Initialize a Python Dictionary

  1. Use the Literal Syntax to Initialize a Dictionary in Python
  2. Use the dict() Constructor to Initialize a Python Dictionary
  3. Use the fromkeys() Method to Initialize a Python Dictionary
  4. Use a List of Tuples to Initialize a Python Dictionary
  5. Use Two Lists to Initialize a Python Dictionary

Python Dictionaries are ordered and changeable. Dictionaries do not allow the storage of duplicates.

In the versions Python 3.6 and below, dictionaries used to be unordered. After the introduction of Python 3.7+, dictionaries are ordered.

This tutorial will discuss different methods to initialize a dictionary in Python.

Use the Literal Syntax to Initialize a Dictionary in Python

A dictionary can be created and initialized using curly brackets {}, and it contains keys and values.

The following code uses literals to initialize a Python dictionary.

dict1 = {'X': 2, 'Y': 3, 'Z': 4}
print(dict1)

Output:

{'X': 2, 'Y': 3, 'Z': 4}

Use the dict() Constructor to Initialize a Python Dictionary

The dict() constructor can be used to initialize dictionaries from keyword arguments, or a solitary dictionary and its keyword arguments, or a solitary iterable of key-value pairs.

We can pass parameters in the dict() constructor and create a dictionary.

The following code uses the dict() constructor to initialize a dictionary in Python.

dict1 = dict(X=1, Y=2, Z=3)
print(dict1)

Output:

{'X': 1, 'Y': 2, 'Z': 3}

Use the fromkeys() Method to Initialize a Python Dictionary

The fromkeys() function can be used if all the keys have the same value.

The following code uses the fromkeys() method to initialize a Python dictionary.

dict1 = dict.fromkeys(['X', 'Y', 'Z'], 0)
print(dict1)

Output:

{'X': 0, 'Y': 0, 'Z': 0}

The dictionary can be initialized with values of all the keys as None, if no particular value is specified in the syntax.

dict1 = dict.fromkeys(['X', 'Y', 'Z'])
print(dict1)

Output:

{'X': None, 'Y': None, 'Z': None}

Use a List of Tuples to Initialize a Python Dictionary

A list of tuples can also be used to initialize a dictionary in Python. This method also uses the dict() constructor to implement this.
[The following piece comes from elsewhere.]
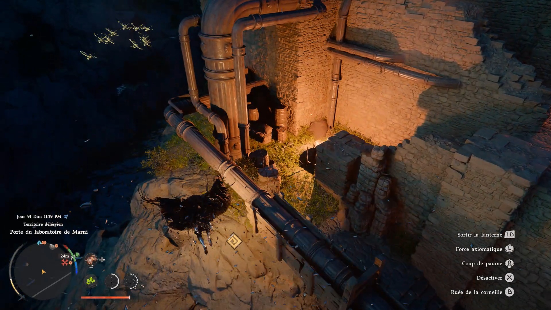 Les bottes de plates de Cœur Gelé se situent à l’ouest de la porte du laboratoire de Marni. Le laboratoire se trouve au nord-est de « Delesyia », près de « Mont Benus ». Depuis l’entrée, dirigez-vous vers l’ouest pour repérer un gros tuyau relié à la façade du laboratoire. Grimpez sur la façade le long de ce tuyau pour atteindre une zone en hauteur, où vous verrez un carré de briques distinct du reste du mur. Une fois au centre du carré, agrippez-vous avec la commande « Résister », puis utilisez la compétence « coup de paume » pour ouvrir un passage et accéder au coffre contenant les bottes.

A tuple is an ordered and immutable collection of objects. It can be utilized to stock multiple items in a single variable.

Lists are similar to tuples, with the only difference being that lists can be changed, and Tuples do not allow that.

The following code uses a list of tuples to initialize a dictionary in Python.

LOT = [("X" , 5), ("Y" , 6), ("Z" , 8)]
dict1 = dict(LOT)
print(dict1)

Output:

{'X': 5, 'Y': 6, 'Z': 8}

Use Two Lists to Initialize a Python Dictionary

In this case, we declare two lists, where the values of the first list are to be used as keys, and the second list is to be used as the values of the dictionary that we will initialize.

To implement the above statements, we can use the zip() function, which iterates over both the given lists in parallel.

The zip() function will create a key-value pair for all the entries in parallel and will successfully create a zipped object, which can then be passed to the dict() constructor to create a dictionary.

The following code uses two lists to initialize a dictionary in Python.

if __name__ == '__main__':
    
    L1 = ["X", "Y", "Z"]
    L2 = [5,6,8]
    dict1 = dict( zip(L1,L2) )
    print(dict1)

Output:

{'X': 5, 'Y': 6, 'Z': 8}

In this case, L1 is the list used as keys, and L2 is used as a list of values for the initialized dictionary.